Morning Report: 11 January 2018
11th January 2018 By: Ranko Berich
GBP Sterling weakened further while rumours dominated major FX markets yesterday, as USD and the loonie moved on unsourced reports and anonymous sources. Chancellor Philip Hammond went on a charm offensive in Berlin, telling a business audience that “it takes two to tango”, and appealing for help in creating a “bespoke” trade agreement for Britain that included concessions for the UK financial sector. As if to underline the importance of the issue, recruiters Morgan McKinley said that job vacancies in London’s finance industry fell 52% in December. The Financial Times reported that German officials were less than impressed with the overture. Yesterday’s data included solid Manufacturing Output, and a narrowing in the trade deficit in the three months to November, although Construction Output fell well short of expectations.
EUR The euro took part in the yesterday’s amusing game of “chase the dollar headline”, at first advancing before retreating, and strengthened further against GBP. The single currency was mostly out of the spotlight yesterday, with a slow data calendar. Today at 10:00 GMT Industrial Production figures will be released, followed at 12:30 GMT by the latest meeting minutes from the European Central Bank.

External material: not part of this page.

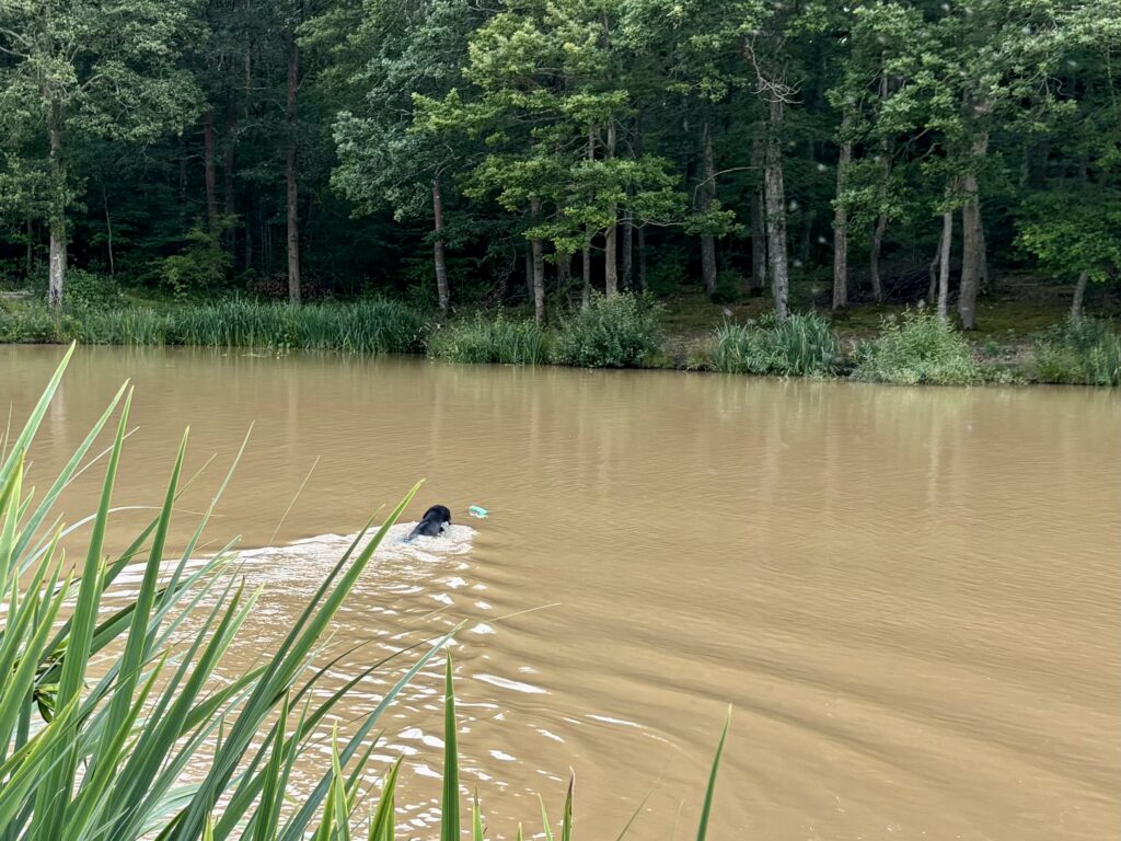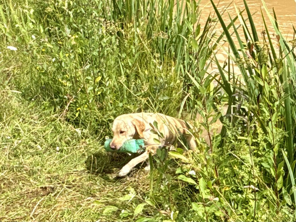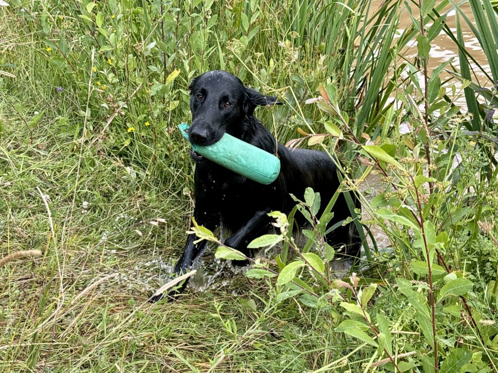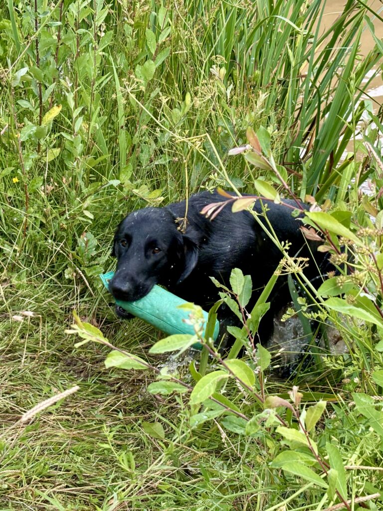 There was a simple marked retrieve from water – which assessed willingness to enter water and swim, control, ability to retrieve and deliver securely to their handler.

USD Shock headlines dominated yesterday’s trading for USD, when in the late morning various news source began reporting that Chinese officials were looking at reducing use of US treasuries as a future staple of their foreign reserves. USD sold off along with US treasuries, with various benchmark bonds such as the 10 year approaching yield highs for the year or longer. Bond yields move inversely to prices. The move unwound throughout the day, helped along by official Chinese sources from the State Administration of Foreign Exchange issuing a statement saying that earlier stories may have been “fake news”. Producer Prices will be released alongside weekly Unemployment Claims today at 13:30 GMT.
CAD The loonie was put solidly on the back foot yesterday as the risk of a US exit from NAFTA came to the fore. Canadian government officials, speaking anonymously, said that the odds Donald Trump’s US administration would give notice to leave NAFTA were increasing. The next round of NAFTA talks is due to start this month on the 23rd. Today at 13:30 GMT the New House Price Index will be released.

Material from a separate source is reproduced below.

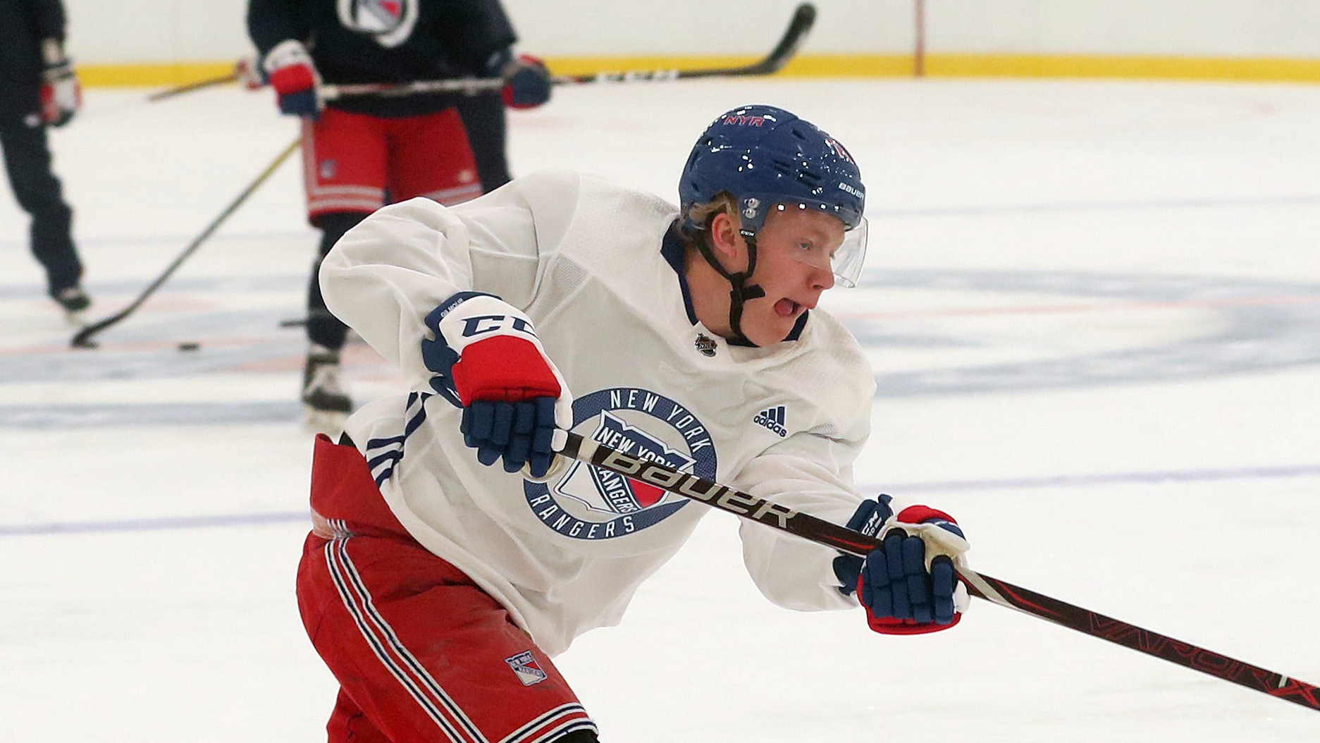 Rangers prospect Karl Henriksson and other Rangers prospects practice at the Rangers training facility in Greenburgh Sept. 5, 2019. Rangers Prospects Practice / Frank Becerra Jr./The Journal News, Rockland/Westchester Journal News via Imagn Content Services, LLC

- Telegraph: Jeremy Hunt urged to boost NHS budget as flu crisis marks ‘watershed moment’ for health service. The NHS is at a “watershed moment” and needs tens of billions in extra cash to deliver the required levels of care, hospital bosses have warned.
- Guardian: Brexit: UK could lose half a million jobs with no deal, says Sadiq Khan. A no-deal Brexit could cause the UK to lose half a million jobs and nearly £50bn in investment by 2030, according to an economic forecast commissioned by the mayor of London, Sadiq Khan. The report, which models five possible scenarios for leaving the EU ranging from a near-status quo situation to leaving on World Trade Organisation terms without any transition agreement, warns that the worst option could be a “lost decade” of economic slump.
- Reuters: UK lenders plan to tighten grip on consumer loans – BoE. British lenders are planning to further tighten their grip on consumer lending which has already been slowing in recent months, a Bank of England survey showed on Thursday.